Every August Nancy’s Specialty Foods begins to go quiche crazy. Production in the company’s Newark, Calif., plant ramps up five-fold over normal to prepare for the holidays. Soon there is little freezer space to spare in the 86,000-square-foot facility.
No matter what else goes on at Nancy’s, one thing will continue. “You can’t stop an oven,” said David Siegfried, Nancy’s information technology manager. Because if ovens were to cool, an assembly line to stall, Nancy’s would begin leaching money.
“At times we’ve had from 15 to 45 people standing there in excess of an hour,” Siegfried said. “Multiply that times their pay rate, and now they’re behind.

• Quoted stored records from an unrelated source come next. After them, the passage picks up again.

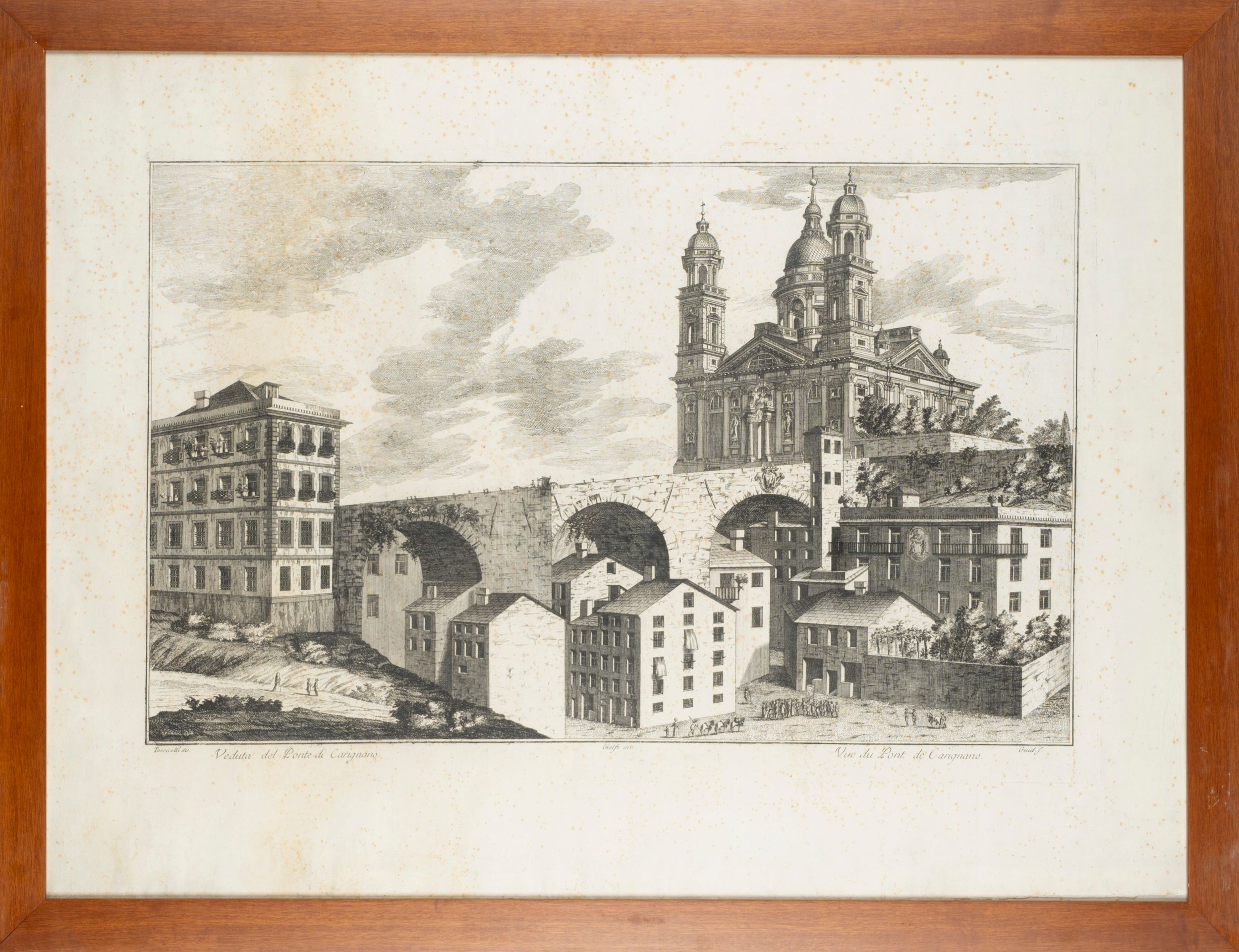 1750 Veduta realizzata da Giolfi e Torricelli, presenta particolare vista del ponte di Carignano. Fioriture.
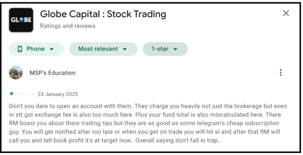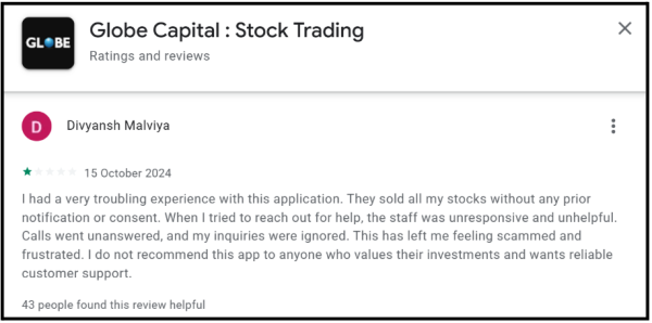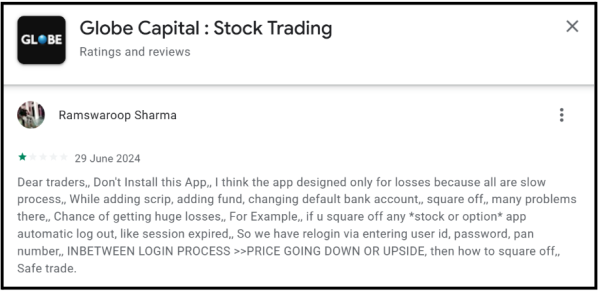 Globe Capital’s app reviews on Google Play and the App Store reflect a range of experiences from retail investors across India.
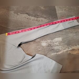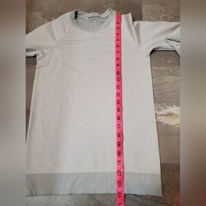 Lululemon Rest Less Pullover. Long sleeves. Diagonal ribbed. Grey and white; Color/patternis called "Diagonal Rib Silver Drop / White". Size 4 (1 bar as seen on picture), see pictures for measurements. Excellent condition. No stain, no rip. Non smoking house.
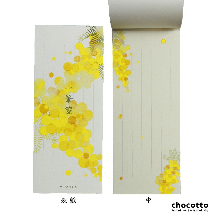 - やわらかなミモザの花が、心を和ませてくれる一筆箋です。
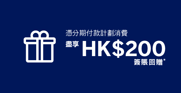 由即日起至2025年3⽉13⽇,您只需憑已登記之美國運通卡親身於參與商戶使用美國運通免息分期付款計劃並單一簽賬淨值滿HK$2,000或以上, 即可獲享HK$200簽賬回贈*。
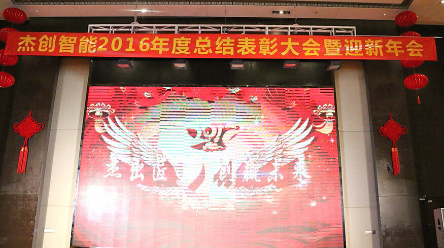 今年会jiannianhui智能总裁龙飞先生首先登台致辞。龙总代表公司向参加年会的所有嘉宾和公司人员表达了诚挚的感谢和新年的祝福,接着简要回顾了2016年在全体今年会jiannianhui人的团结拼搏下,不断取得卓越成就的光辉历程,并概括指出了2017年今年会jiannianhui智能的发展战略和经营目标,最后表达了要与包括广大客户在内的社会各界,以及全体今年会jiannianhui人精诚合作,携手共进,创赢未来的坚定信心和决心。
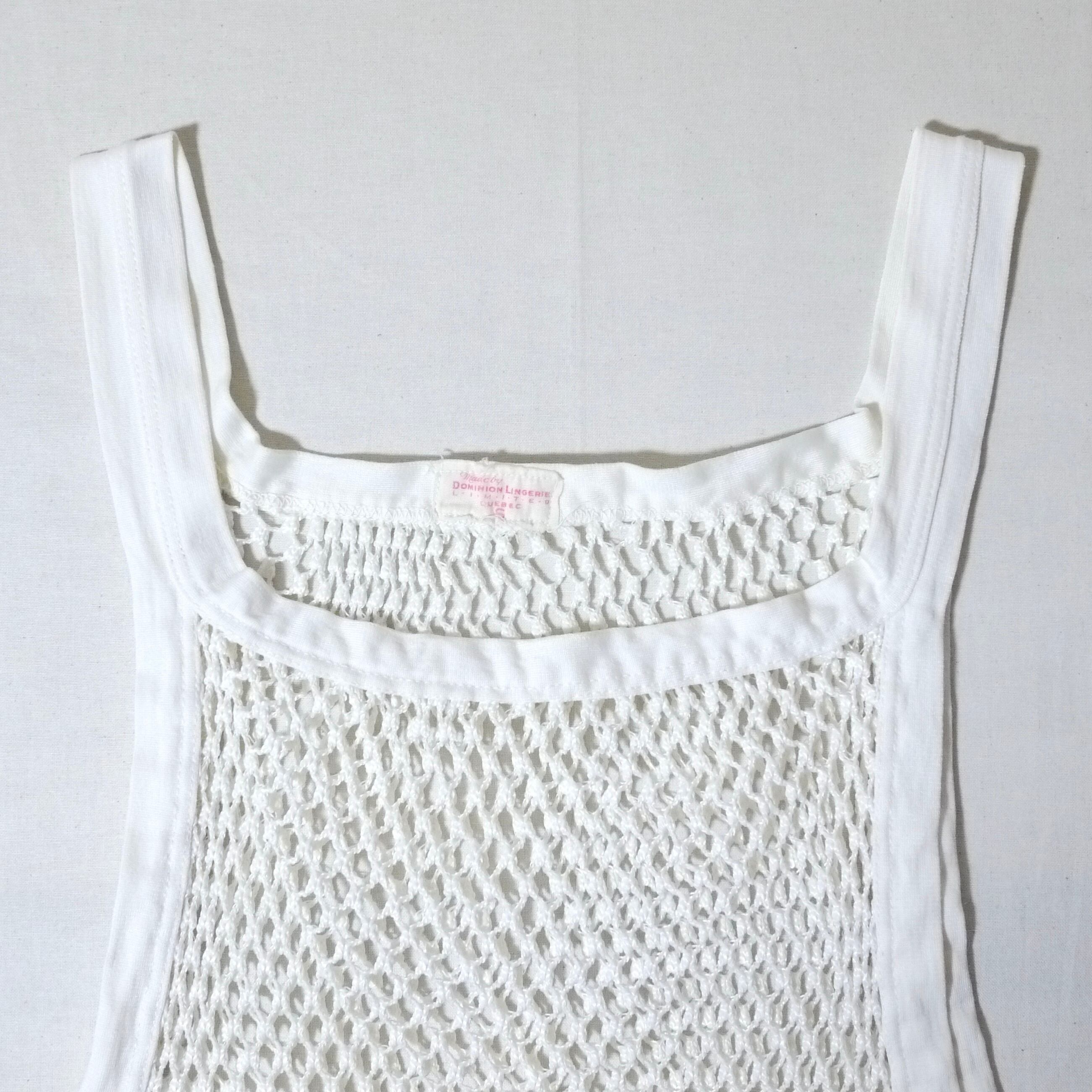 ホワイトカラーのメッシュデザインのタンクトップ。

Now you’ve got to pay them overtime.”
Falling behind risks losing sales. When the holiday season’s last truck leaves Nancy’s and product isn’t ready, the truck goes with whatever is loaded. “When we sell one time a year, if it doesn’t make it there on time, the stores say, ‘We’re not going to be able to sell it through. Cancel the order.’”
That risk, among other factors, prompted Nancy’s to launch a pilot project exploring how radio frequency identification (RFID) could improve its inventory management. Siegfried and his crew brought in RFID readers, mobile computers and tags from Intermec. Stratum Global provided its Tag- Net suite of middleware modules.
Nancy’s could have made a standard upgrade to its existing system, but Siegfried and his colleagues saw how leaping a generation of technology could solve more than just inventory management problems.
Tracking equipment was finicky about working in the freezers where baked goods were stored. The minus10 degrees Fahrenheit killed tracking equipment. Units would lose all the cached data. When product was needed for work in process, those who shunted pallets, occasionally had to locate them by memory.
Some of the company’s most popular offerings are multi-packs. They’re differently flavored quiches baked on different days. They all must enter and exit inventory efficiently so that an assembly line does not stop. This is where Nancy’s ran into its biggest opportunity for RFID.
According to Siegfried, Nancy’s anticipated an annual revenue loss of $300,000 to $500,000 – in large part because workers couldn’t locate work-in-process components to fill orders.
With RFID, “the whole concept that you’re capturing the data and product location automatically with every movement, is a huge step for us,” Siegfried said.
Intermec’s 915 MHz IF4 reader with Bluetooth™ serial adapter and up to four
antennae make up the fork-mounted RFID hardware. Heavy-duty enclosures protect the electronics. Inside the forklift cab, a vehicle-mounted computer receives RFID tag data from the IF4 and relays information to the host system.
When the first flavored quiche is baked on day one of a three-pack production run, workers in Nancy’s packaging area record how much of it was made and which bin holds it. They use Intermec 700 series mobile computers with IP3 portable RFID readers to capture data from an Intermec RFID Intellitag® attached to each bin. In addition, Bartender Labeling software is used in conjunction with a RFID printer to commission tags.
Stratum Global’s TagMap application resides on the Intermec 700. It helps direct workers in a task called tag commissioning. With each new batch of quiche, workers record production details such as amount, date, batch number, production line, and bin number. The system then removes from available inventory all the ingredients used to make the batch, records labor at standard and adds the finished quiche to the inventory database.
For putaway, bin or pallet tag information captured via the IF4 travels by Bluetooth radio to the forklift-mounted computer. The host system assigns a freezer location for each batch of quiche.
Once all three quiche types are baked and ready, workers can easily find and deliver them to the packaging area for final assembly.
An RFID portal validates inventory recording. Workers move product through the portal, which is lined with Intermec antennas and IF5 readers. If the portal detects that any bin tag was not commissioned that day, it alerts the worker, who must then update inventory before the door from production to the freezer warehouse will open.
“The first goal is always to eliminate problematic situations that have their own ROI, then deal with the mandate,” Siegfried said. “If you’re so concerned about your customer leaving, then I think you’re running the business wrong. Eliminating problems and removing labor should be your priority. By focusing on this you will increase your customer service levels and shore up any potential trading partner from going to your competition.”
RFID, even in pilot stage, has brought good changes to Nancy’s. It goes beyond streamlining inventory management. The new system has changed the way workers in different departments interact. Business processes have shifted. No longer is inventory recording the main province of the shipping department. Now people in packaging are doing it. Forklift operators are doing it.
“When we brought everyone together they finally realized that problems they didn’t even know existed were big problems from someone else’s standpoint,” Siegfried said.
Nancy’s plan was to take its RFID system live at the end of July, so that by August, the holiday rush will have begun with their new system in place to prevent inventory problems. With Intermec and Stratum Global, Nancy’s was ready for another batch of quiche madness.